At the end of the first act, old Martha can’t take it anymore: she jumps into the water and floats towards an abyss in Manuel Braun’s video. And seems to experience the second act as a kind of near-death experience. Now that we’re actually heading to Auschwitz, we experience a captain’s dinner – a huge, black dining room, with a uniform row of white-covered tables. The perpetrators, who have mutated into vacationers in fifties party dresses, can no longer turn their crimes under this; On top of them lie their former victims as a warning.

Here Sophie Koch wanders through the rows of chairs, increasingly lost. She wants pity (“They hated us all”), but shows raw brutality when she hits Martha with a violin bow as a striking tool and forces her to sleep with her doomed Tadeusz (also spellbound at the moment: Jacques Imbrallo).

also read

We hear everything, see little. In addition to the great ensemble, which plays as simply as it does intensely, with its many small, concise roles, Weinberg’s polystylistic music develops a captivating effect between forlornness, melancholy, glaring defiance and lament, concrete, film music-like situational intimation and abstract emotion. Vladimir Jurowski controls this relentlessly. He reinforces the contrasts, deliberately highlights the many quotations and thus rounds off the individuality of this score. She seems to be asking listeners to fill in the gaps in their memories.

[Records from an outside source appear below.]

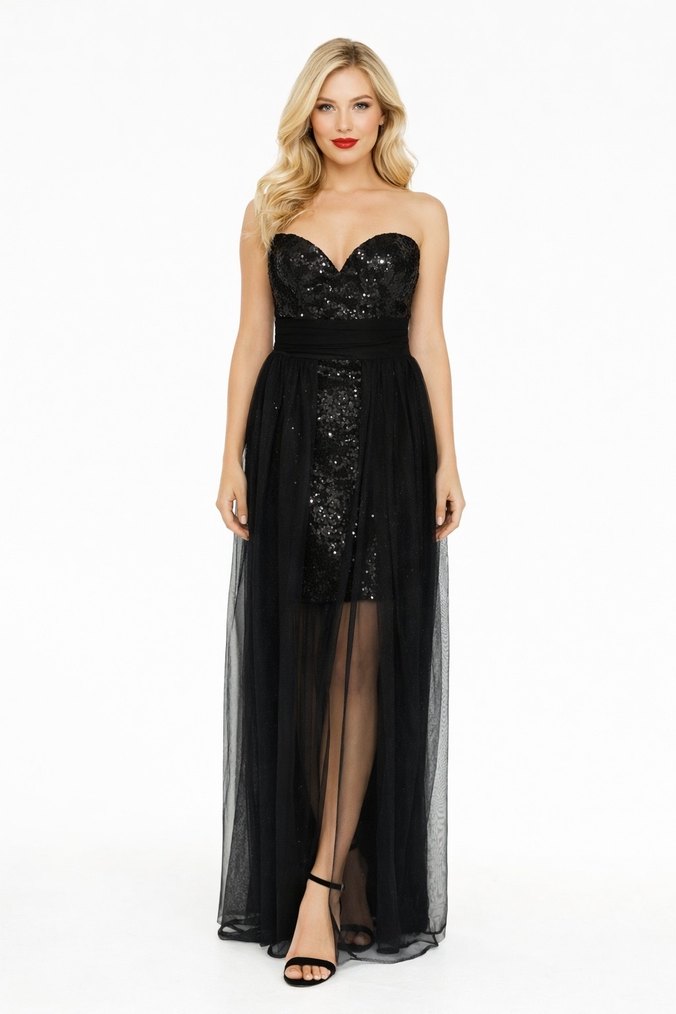 Straplez Siyah Uzun Abiye Elbise Payetli pullu tül
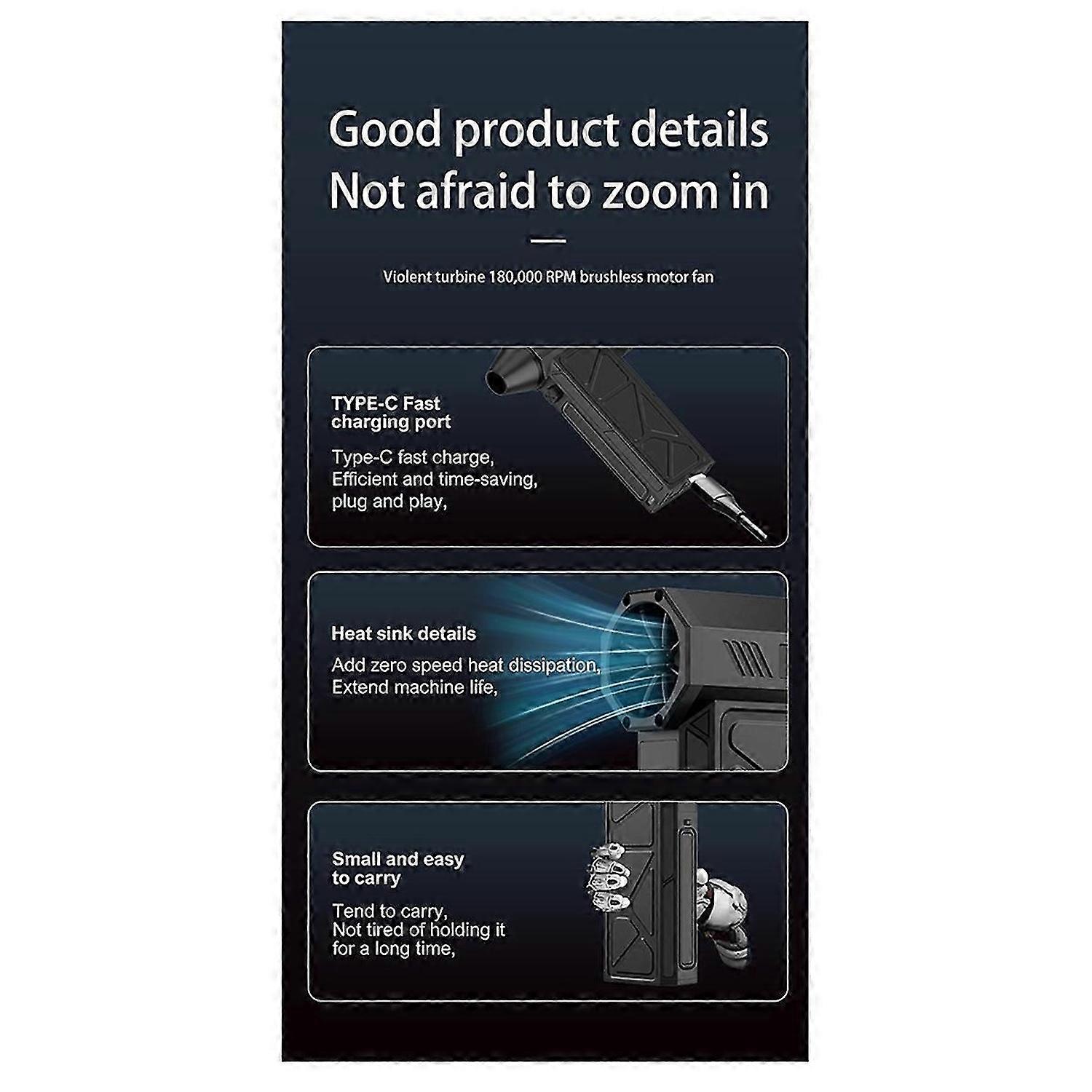 Mini Turbo Jet Fan Air Blower 130000RPM 52M/S Turbo Fan 8000mAh
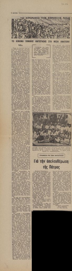 Απόκομμα, έντυπο, στα ελληνικά, χαρτί, διπλής όψης, 64×17 εκ. Στο ίδιο απόκομμα: “Για την απελευθέρωση της Πάτρας” και επικαιρότητα.
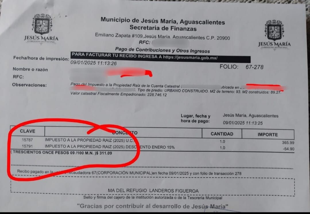 De acuerdo con una denuncia ciudadana anónima realizada a BI Noticias, se consigna, por ejemplo, que en una de las zonas habitacionales del municipio de Jesús María, el cobro del predial en 2025 fue de 311.09 pesos. Para este 2026, el cálculo del gravámen incrementó a mil 581 pesos, lo que representa un incremento cercano al 400%.

At the end, shortly before the curtain comes down for the last time, almost soberly, Sophie Koch sits silently in front of a small black and white television from which real concentration camp images flicker, barely recognizable but warningly visible. The horror of yesterday, which must still be present today, is not minimized and processed in an aesthetically abstract way on this nightmare ship of the “Passenger”, as well as in the commander’s house in “The Zone of Interest”. It hits deep again. Very.